Так мы разрабатывали лучший в мире план. В мельчайших подробностях. Тони прикарманил три десертных ножа на случай, если жертва окажет сопротивление.
– А если начнет бузить, мы ему эту штуку отрежем.
– Какую штуку отрежем? – полюбопытствовал Эй-ты.
– Паяло, пацан.
– Ага, ясно. – Почтительное молчание. – А что это за паяло?
– Пипиську.
– Ага, ясно.
В условленную ночь нас застигло непредвиденное событие: мы легли в постель с широко раскрытыми глазами, твердо решив бодрствовать, однако, когда наконец настала полночь, все четверо спали крепким сном. На следующий день мы решили дать себе еще один шанс и посчитали, что самое разумное – это дождаться, пока сестра Эужения выключит свет и выйдет из палаты номер три, и тут же встать с постели и ждать, стоя у кровати. Как крутые парни.
– Эй-ты! Чего стоишь?
– Ничего.
– Она ведь может вернуться… Ты что, хочешь, чтобы нас отчитали, а?
– Шшшш, не кричи. У меня просто ногу свело, и…
– Хочешь, позову монахиню или Энрикуса?
– Не надо. Мне уже лучше. Спи давай!
– Как скажешь.
И мой сосед, что слева, отвернулся, кажется несколько обиженный. В темноте я разглядел три тени, у которых тоже ногу свело, и впервые в жизни почувствовал себя членом команды. Еще до конца этого не понимая, я начинал любить трех своих друзей.
Ужасно трудно стоя не заснуть, когда до смерти хочется спать. Мы тихонько подошли друг к другу задолго до того, как пробил колокол на часовне, и почти без доводов пришли к выводу, что для нашей затеи не имеет смысла ждать наступления полуночи. Можно все провернуть, например, часов в десять. Нужно только, чтобы враг заснул.

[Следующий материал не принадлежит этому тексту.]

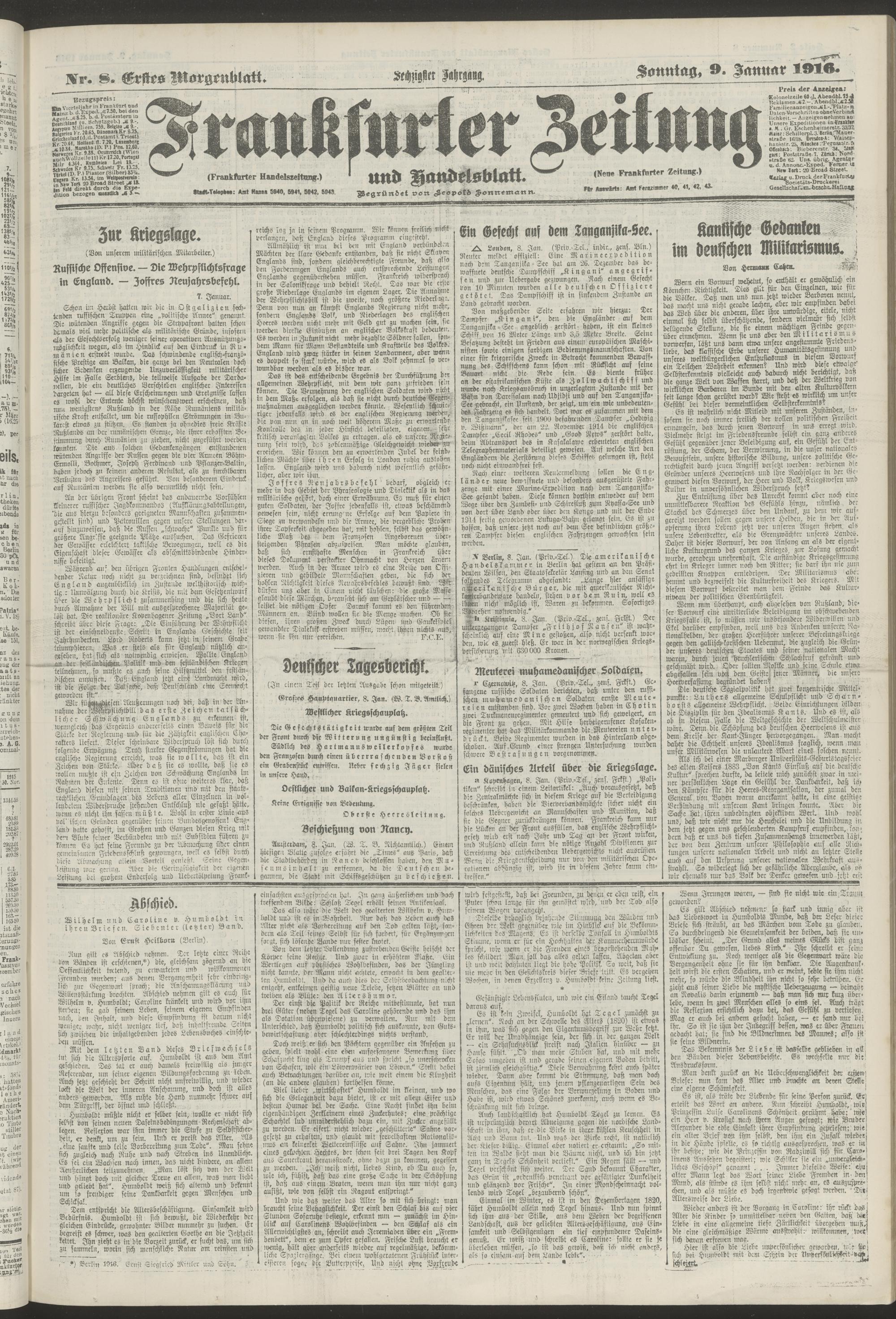 09.01.1916 = Nr. 8. Erstes Morgenblatt

Наша вторая попытка его убить увенчалась успехом. Но при этой, первой, попытке мы были еще слишком зелены, и наша наивность все испортила. Когда пробило десять, мы поднялись по главной лестнице, по стеночке, объятые таким чудовищным испугом, что сердце готово было вырваться у меня из груди. Мы дошли до третьего этажа и в темноте решили большинством голосов, что третья дверь ведет в комнату Энрикуса. Потому что во тьме все выглядит иначе и сразу начинаешь во всем сомневаться.
– Точно?
– Дддда. Или нет?
В это мгновение мы услышали шум и все четверо превратились в рисунок на обоях. Дверь с другой стороны коридора, открывшись, вытошнила пятно света, окрасившее пол, и на него упала тень, когда Энрикус вышел из комнаты, застегивая ремень, оглядываясь и странно высовывая язык. Он сам закрыл дверь, которая тут же погрузилась во мрак, и во тьме стал продвигаться по коридору к третьей комнате, которую мы сторожили. Он тихо, в темноте туда вошел и заперся на ключ. Нас он не заметил, потому что мы все еще были узорами на стенах.